A Estação Ecológica (ESEC) de Murici, que se estende por pouco mais de 6 mil hectares da Zona da Mata alagoana, é uma das áreas de grande interesse para a conservação da biodiversidade na Mata Atlântica e no Brasil. A estação é a maior área protegida do chamado Centro de Endemismo Pernambuco – como os cientistas chamam a continuação do bioma ao norte do rio São Francisco, que, graças ao isolamento geográfico, abriga grande número de espécies que não ocorrem em mais nenhum outro lugar do mundo.
A unidade de conservação, que é de proteção integral, porém, sofre com problemas crônicos, como a falta de regularização fundiária – o que faz com que até hoje, 23 anos depois de sua criação, ela ainda tenha diversas fazendas e outras propriedades particulares em seu interior – e a ação de caçadores.

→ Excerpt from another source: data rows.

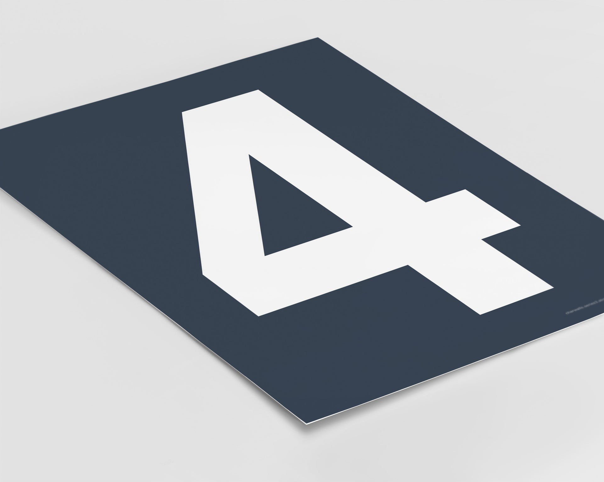Our Series 5 number prints feature white typography art on a navy blue background.
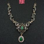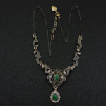 Πολύ ιδιαίτερο κολιέ, κατασκευασμένο από ασήμι και χαλκό με αντικέ επεξεργασία. Μεγάλο μοτίφ 16 x 5 εκατοστά. Συνοδεύεται από την ανάλογη αλυσίδα 45 εκατοστών 5 εκατοστά το αλυσιδάκι προέκτασης στο πίσω μέρος που καταλήγει σε μία καρδιά με το λογότυπο της γνωστής σχεδιάστριας Betsey Johnson. Διακοσμημένο με ζιργκόν σε κοπή round. Εντυπωσιάζουν με τη λάμψη τους και την καθαρότητα τους τα πράσινα κρύσταλλα σε κοπή oval & pear.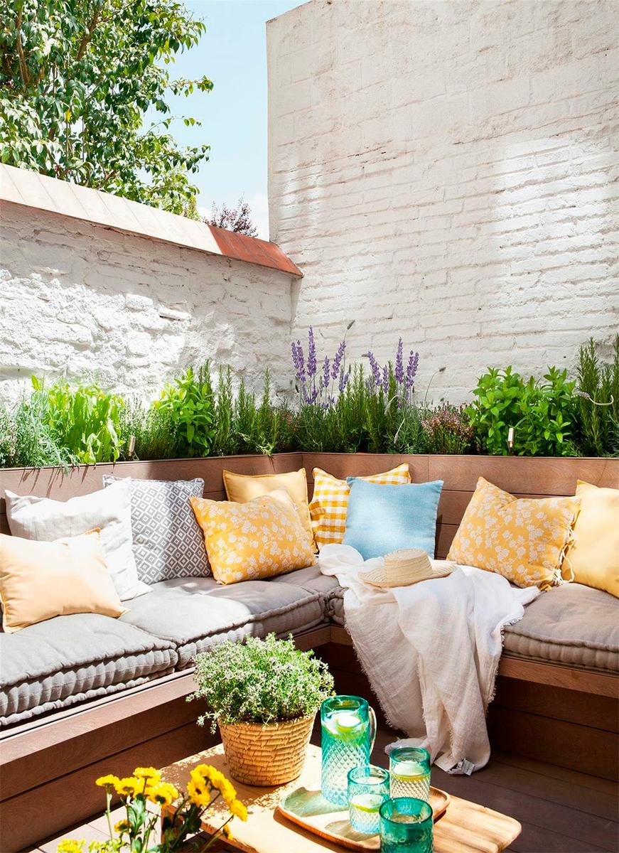 Los diseños tipo palet, son perfectos porque se adaptan a pequeños espacios. Ya no hay que ser un manitas si no sabes hacerlos tú mismo, si quieres algo tipo banco ya montado te lo venden hecho y con sus cojines a medida. Otra cosa es que quieras algo más sofisticado, entonces tendrás que tirar de ingenio y destreza. (Imagen: homyfeed).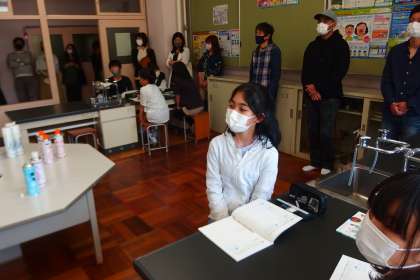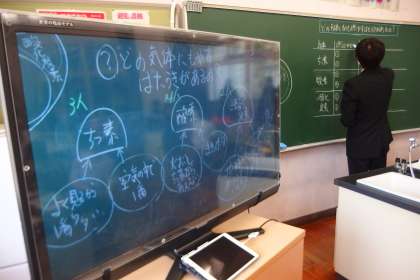 6年生の理科です。 電子黒板にタブレットから実験の手順を示しています。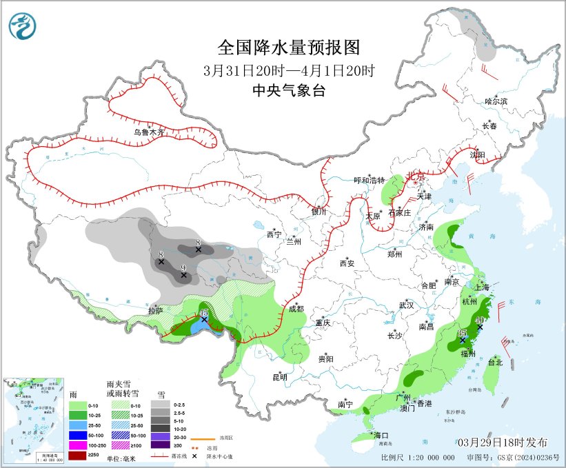 图2 全国降水量预报图(3月29日20时-30日20时)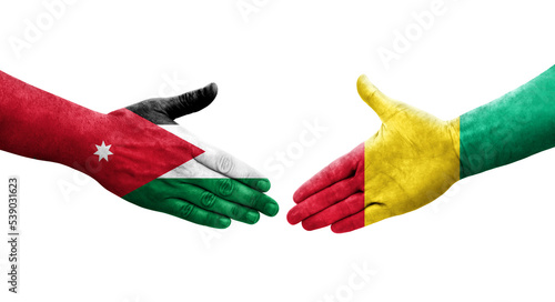 Handshake between Guinea and Jordan flags painted on hands, isolated transparent image.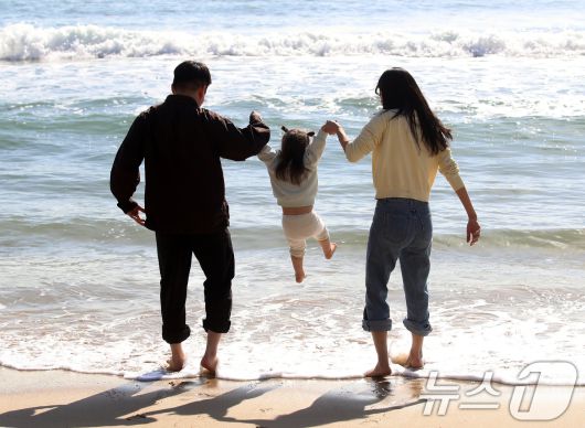 포근한 날씨를 보인 16일 부산 해운대해수욕장에서 가벼운 복장 차림을 한 가족이 바닷물에 발을 담그며 즐거운 시간을 보내고 있다. 2026.1.16/뉴스1 ⓒ News1 윤일지 기자 |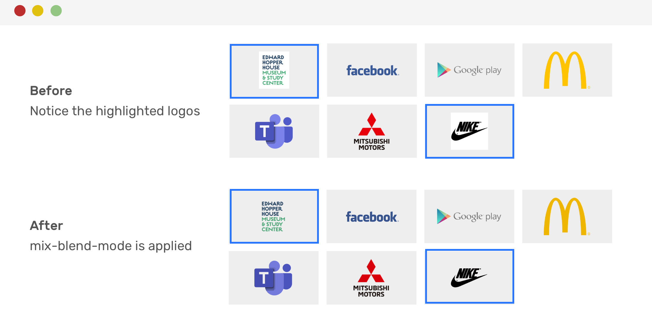 In this tweet, Christopher suggested the use of CSS attribute selectors to apply the mix-blend-mode only on .jpg and .png images.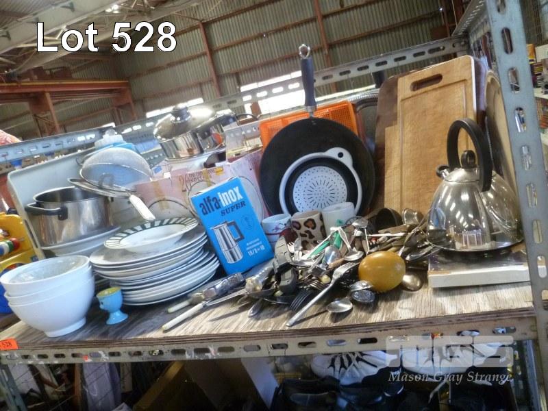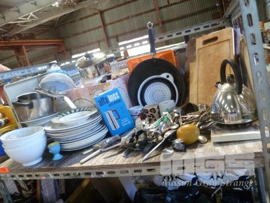ASSORTED COOKWARE, UTENSILS, CUTLERY, PLATES, ETC

A esses se somou, há pouco mais de 2 meses, outro problema: o afastamento do até então único analista ambiental do ICMBio ali lotado, Marco Antônio de Freitas – também com longo histórico de pesquisas científicas na região –, das atividades de fiscalização ambiental e da chefia da estação.
A medida se deu após uma fiscalização coordenada por Freitas em outra unidade de conservação, o Parque Nacional da Chapada Diamantina (PNCD), na Bahia. A ação resultou em sérias repercussões por conta da demolição indevida de um terreiro de jarê – religião típica da Chapada, de matriz africana e influências indígenas –, no dia 21 de julho. Acima da porta do imóvel, que a equipe alega não ter reconhecido imediatamente como um local de culto religioso, estava uma placa onde se lia “Peji Pedra Branca de Oxossi: A mata se levanta, poeira levanta, pedra do morro desce e a terra estremece”.
A demolição do terreiro, interrompida após a quebra de uma parede revelar imagens religiosas, algumas destruídas, gerou críticas e acusações de racismo religioso contra os agentes – o que Freitas rechaça, ao lembrar que a equipe, composta por ele e mais 8 agentes temporários ambientais e brigadistas, passou por outro terreiro já conhecido do parque no dia anterior, prontamente identificado e deixado intacto. A ação, porém, levou à criação de uma comissão “de caráter pedagógico, normativo e de orientação” pela presidência do ICMBio, que avaliou a ação dos servidores – detalhada pelo presidente do ICMBio, Mauro Pires, em entrevista à assessoria da autarquia, no fim de julho.
A fiscalização tinha o objetivo de agir contra o desmatamento, a caça e “invasões imobiliárias” no interior do parque – que passou por “diversas invasões recentes” a partir de 2019, segundo o relatório técnico assinado por Marco Freitas no dia 24 de julho – devido à “diminuição das ações de fiscalização” no contexto da pandemia de covid-19. As construções foram identificadas por meio de análise de imagens de satélite e de denúncias feitas à equipe da unidade. No total, 17 estruturas foram destruídas e 6 ficaram de pé – onde havia moradores presentes, que foram autuados.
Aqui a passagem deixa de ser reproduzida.